He is a hero. Buried there at the Heroes Acre. But dead still. I spoke at his graveside. Told the people how he was a great man. Fearless. And a dedicated cadre. I said the party's democracy would never be the same again. That he believed in the ideals of humanity.
I did not tell the mourners that one of my people – a beautiful lady – had treated his drink. I did not tell the mourners that it was not a heart attack. In any case, my personal doctor carried out the post mortem.
With him, we thought of not removing him by a road accident. It would have been too obvious. Of course, the heart attack, I told the mourners, was caused by pressure of democracy.
I remember it too well: Good people don't live long, I said. God wants all his angels to join him in Heaven. We are poorer without people like this man we are bidding goodbye today.
The mourners roared in agreement. By the look of things, the nation believes me. My people still love me. That is why I love this country. Why we fought for this country. And why we will never let it become a colony again. Not in our lifetime.
My people believe whatever I tell them. I may not be sleeping – anyway, I know it's not only me – but as long as I can stagger out of bed everyday, this country will never be a colony again.
Until today, nobody suspects anything. Of course, the girl and one other spy boss know what happened. They carried out the operation. I was not there. If anything, I will say I did not know anything.
My heart does not skip even. But sleep never comes.

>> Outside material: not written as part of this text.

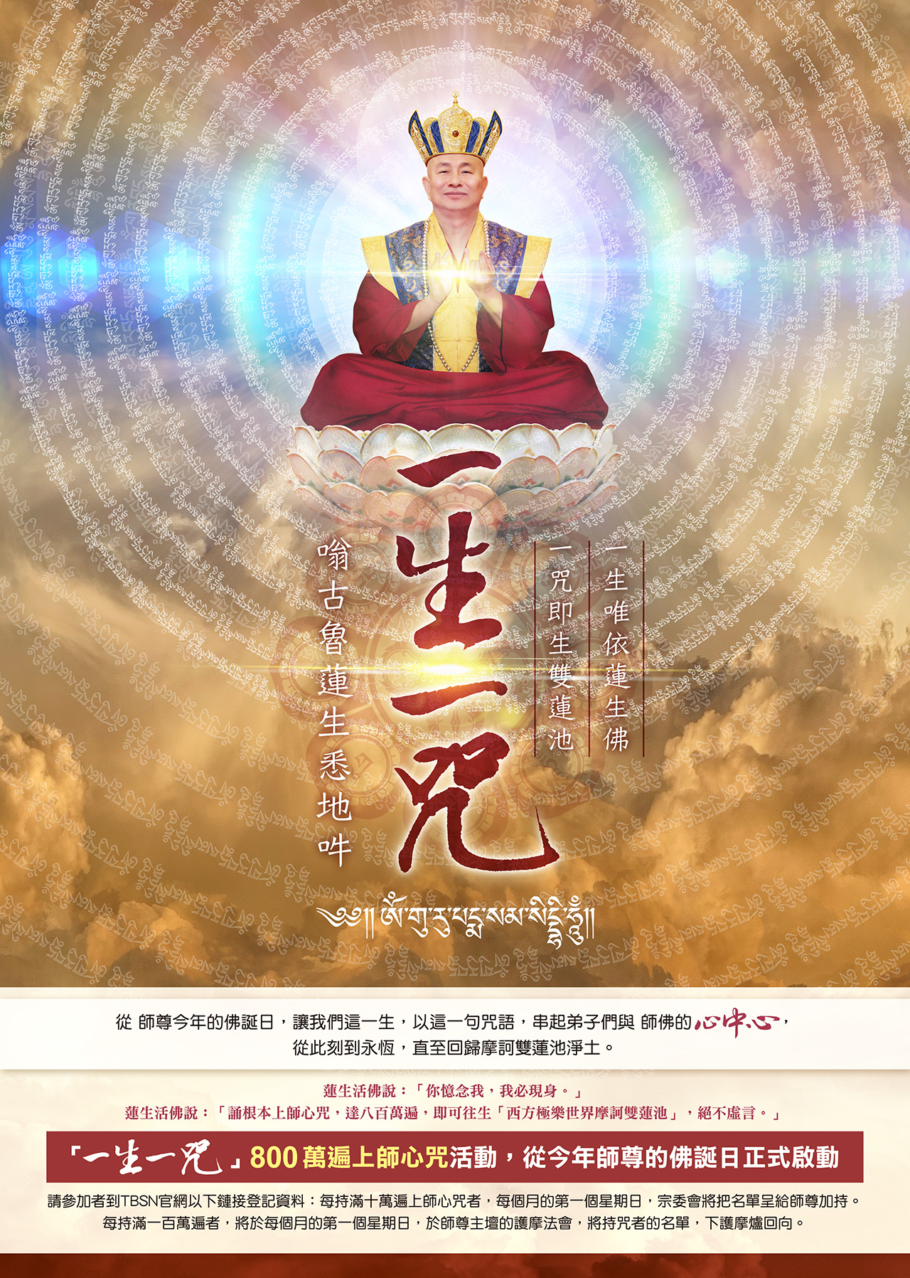 宗委會與眾弟子在這一天呈上「一生一咒」為獻禮,願每一天以蓮花童子心咒呼喚師尊,直至回歸摩訶雙蓮池淨土!

That state paper 'boy' must be dealt with


If there is anything that dries up my sleep is the media. God, those leeches. Everywhere like cockroaches. 
If I had my way, I would just shut down the whole damn industry.  
I sometimes do not know what to do whenever they run stories about corruption. 
It's about corruption this and corruption that. One would think that life is not corrupt. Hell, man. Where have they ever seen an honest life?
Life is just life. Man is just man. And corruption is part of life. Man is only the actor here. 
And read about them writing about corruption. You would be mistaken that some of these guys know who their mothers are. They are products of corruption themselves. Their mothers lied about who the fathers are. Nxaaa. Idiots.
As if they do not know that even Adam and Eve's unsanctioned act in the Garden of Eden was an act of corruption. What kind of life would it be without corruption? Dull. Uninspiring even.
At least the media should be very grateful to us. We give them so much to write about. What would they write if we were not corrupt?
Just reading about these spoilt university students demanding for more money and better food. Honestly now, do their fathers give them the food our universities give them?
We never got education for free. Most of us had to walk long distances to school. With no shoes upon our feet. On empty stomachs. We did not complain. Yet, all what these kids do is run the streets making demands. Nxaaa.
They want us to give them a salary as if they are working. This is crazy. And when they get that money, they go partying and picking up AIDS and other diseases. Who does that?
What I want to know is why the state paper has run this story on the front page. That stupid boy is being used against us. Why did he use this picture where the police are working? Sometimes, I don't understand people. We give them jobs. Money. Cars. And houses. Then they try to destroy us from within.
I will ask the minister to deal with that boy. What kind of an editor is he who does not understand the aspirations of the party? Do they know that we died and killed for this country? And whose child is that boy?
The party has been infiltrated. I will ask the chairman to vet all the people who are given strategic positions like being an editor of our paper. Such positions should be held by tried and tested cadres. Otherwise the dark secrets we are carrying from the war will be splashed on the front page.
Now that has scuttled my hopes for sleep.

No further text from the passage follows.